Огинский молча простился с хозяйкой и пошел в отведенную ему комнату, рядом со столовой. Ирина Сергеевна и Иван Андреевич ушли к себе в спальню, в угловую комнату на втором этаже, где два окна выходили во двор, а прямо против них, на середине двора, было несколько высоких берез; два другие окна выходили в сад, и через стекла виднелись темные кусты смородины, невысокие яблони, и все та же, осенью потемневшая черемуха и все та же осенью разукрашенная рябина.

Ирина Сергеевна посмотрела в окно, выходившее в сад, и долго ее манили осенние яркие звезды. Ей казалось, что эти далекие миры, доходящие до нас, до наших глаз, лишь как россыпь серебряных и голубоватых и неявственных световых точек, и гроздий, и сочетаний, сливались с тайной ее хотящего, ее горячего сердца. Вдруг ей показалось, что кто-то стоит в саду и смотрит на ее окно. Она торопливо задернула занавеску и, странно улыбнувшись, спросила мужа:

– Уж скоро совы будут прилетать. Правда?

– Да, я сегодня уж заприметил в лесу одного филина, – простодушно ответил Иван Андреевич. – Хотел было застрелить его, чтоб тебя потешить. Не знаю, почему-то не захотелось поднимать ружье. Уж очень он любопытно сидел на суку. Смотрел во все глаза и ничего не видел.

Ирина Сергеевна вздрогнула, и, хотя видела, что в словах мужа нет никакого второго смысла, не сказанного, но ей на минуту стало жутко и неуютно. Она подошла к нему вплоть, молча взглянула в это родное красивое лицо с невинно-лукавыми, усмешливыми глазами и, охватив его шею руками, со всей страстью предала его рту свои губы.

И позднее, когда они были в радостной ночи и рядом и он хотел овладеть ею, она, уклоняясь немножко, шепнула:

– Но только завтра ты не пойдешь на охоту, и никого не будешь убивать, да? Ни филина, ни даже зайцев?

– Милая, все, что хочешь, – сказал он, блаженно хмелея. Эта ночь была ночь страсти, ночь ласк, ночь любви. Эта ночь была предельной чертой, когда с звездных деревьев на небе падают вниз золотые яблоки.

Ночь любящего и влюбленной, снова любящей. Встреча душ во встрече двух тел.

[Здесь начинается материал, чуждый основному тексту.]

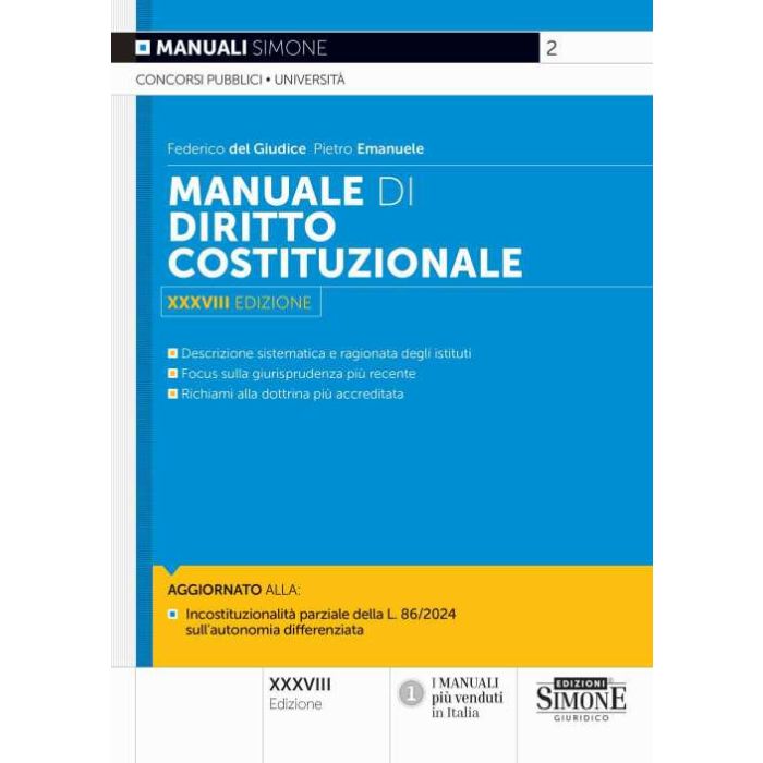 Il "Manuale di Diritto Costituzionale" 2024, giunto alla XXXVIII edizione, si caratterizza per un'esposizione chiara e completa, consentendo di acquisire una preparazione esaustiva di istituti di cui si sente sempre parlare ma di cui non si conoscono, in verità, fondamenti e contenuti. Allo scopo di consentire la migliore preparazione possibile, il nuovo Manuale di Diritto Costituzionale illustra non solo gli argomenti fondamentali, ma evidenzia anche le tematiche di maggiore importanza e attualità riportando gli orientamenti della dottrina e della giurisprudenza. Non mancano, inoltre, gli aggiornamenti ai più recenti provvedimenti legislativi che hanno interessato il diritto costituzionale. Pur esaminando in modo approfondito i concetti tradizionali della materia, il volume evidenzia la distanza tra la teoria generale e la realtà politico-giuridica effettiva. Chi studia, infatti, deve confrontare principi e valori enunciati dal Costituente con quanto concretamente si verifica nel nostro Paese, per una conoscenza consapevole e critica del diritto costituzionale. Il Manuale di Diritto Costituzionale, per le caratteristiche evidenziate, costituisce uno strumento indispensabile per chi deve preparare l'esame di avvocato, un concorso pubblico o un esame universitario.
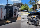 Um acidente entre uma ambulância e um carro deixou oito pessoas feridas na tarde de sábado em São Bernardo do Campo, na Grande São Paulo.
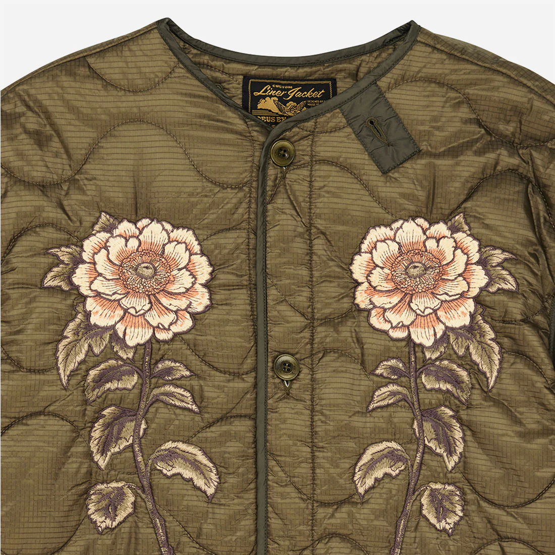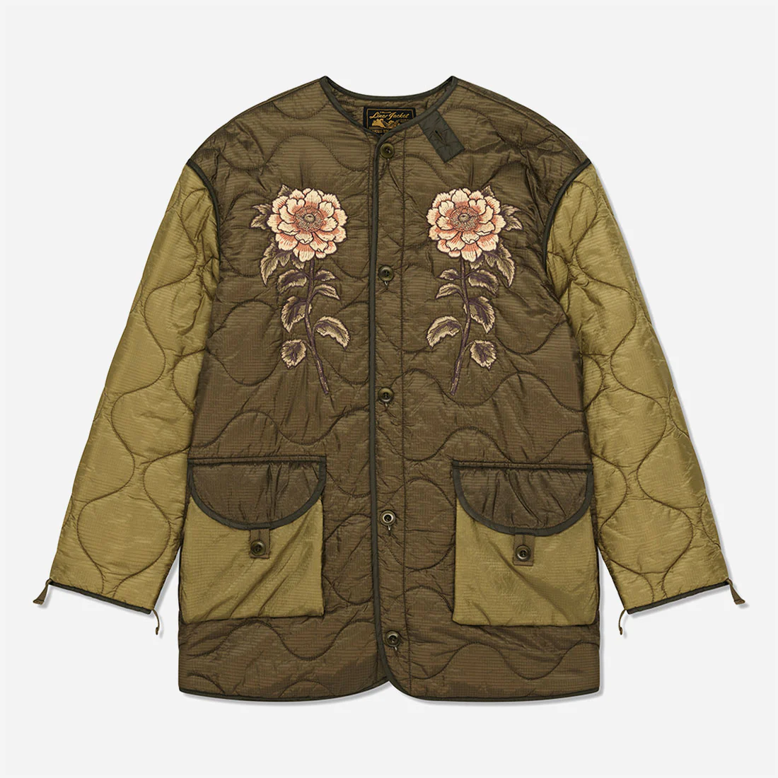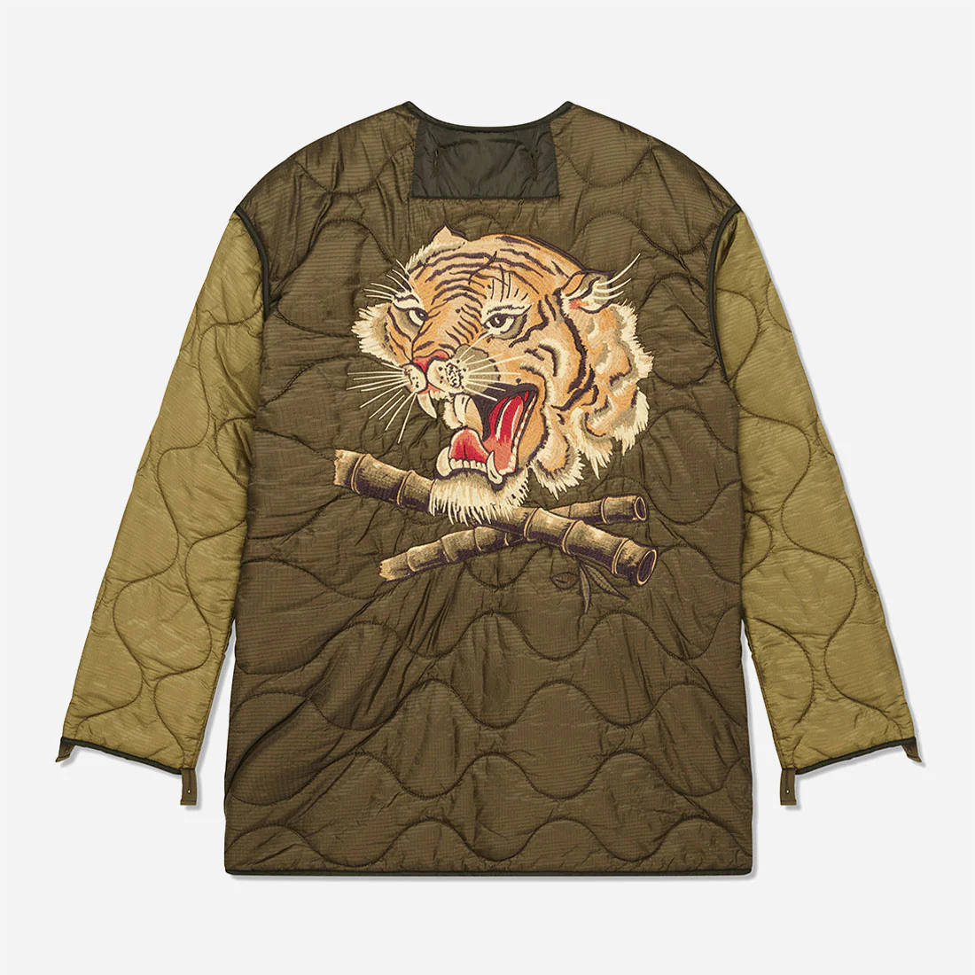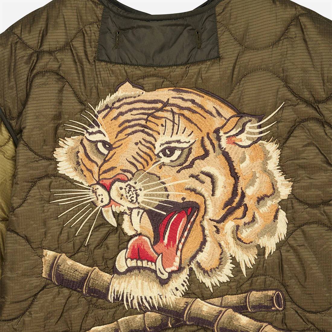 Veste Deus oversize ornée de grandes broderies mates à l’arrière et sur la poitrine. Fermeture à boutons en corozo au centre sur le devant, poches plaquées à soufflet dans le bas avec tirettes en coton et boutons en corozo. Bordures contrastées en nylon aux coutures, détails vintage reproduits avec des pattes en nylon. Confectionnée en nylon ripstop matelassé avec manches et poches légèrement contrastées.

И когда молодая, любимая задыхалась от счастья, она лепетала прерывающимся голосом: «Мой Ваня! Любимый!» Но в крайний острый миг пьянящего восторга, последнего, когда к лицу ее льнуло лицо ее желанного и два беспредельно были одно, в душе ее призрачно пронеслось, как шелест плакучей березы: «Зигмунт! Зигмунт!» Всхлипнуло чуть явственно, пронеслось и потонуло в заглушаемом стоне полного блаженства. «Мой! Желанный!»

Когда падают осенние звезды, они скользят одну секунду, две секунды – и нет их больше. Но иногда звезда падучая катится, захватывая полнеба, и после нее еще теплится световая полоса. Но вот она погасла и нет следа ее явления. А иногда иногда совсем иначе. Падучая звезда пролетала, разорвавшись огромным огненным шаром, и кто-то где-то, потом совсем случайно и победно найдет обломок не нашего мира, знак небесных полетов и горений, кусок небесного железа, метеорит. И этот гость иных миров надолго останется с нами, привлекая любопытные взоры. А кто-нибудь с душой тоскующей подойдет к такому обломку, и душе его сразу станет хорошо от сознания малости здешнего и правды иного, далекого, куда влечется каждая хотящая душа. И тоскующий уйдет от такого свидания освеженный, ступая по земле, как по звезде.

Та ночь была ночью ниспаденья небесного знака. А когда блаженные уснули, на осеннем небе поднялось и стало ворожить косвенным узором троезвездье Ориона.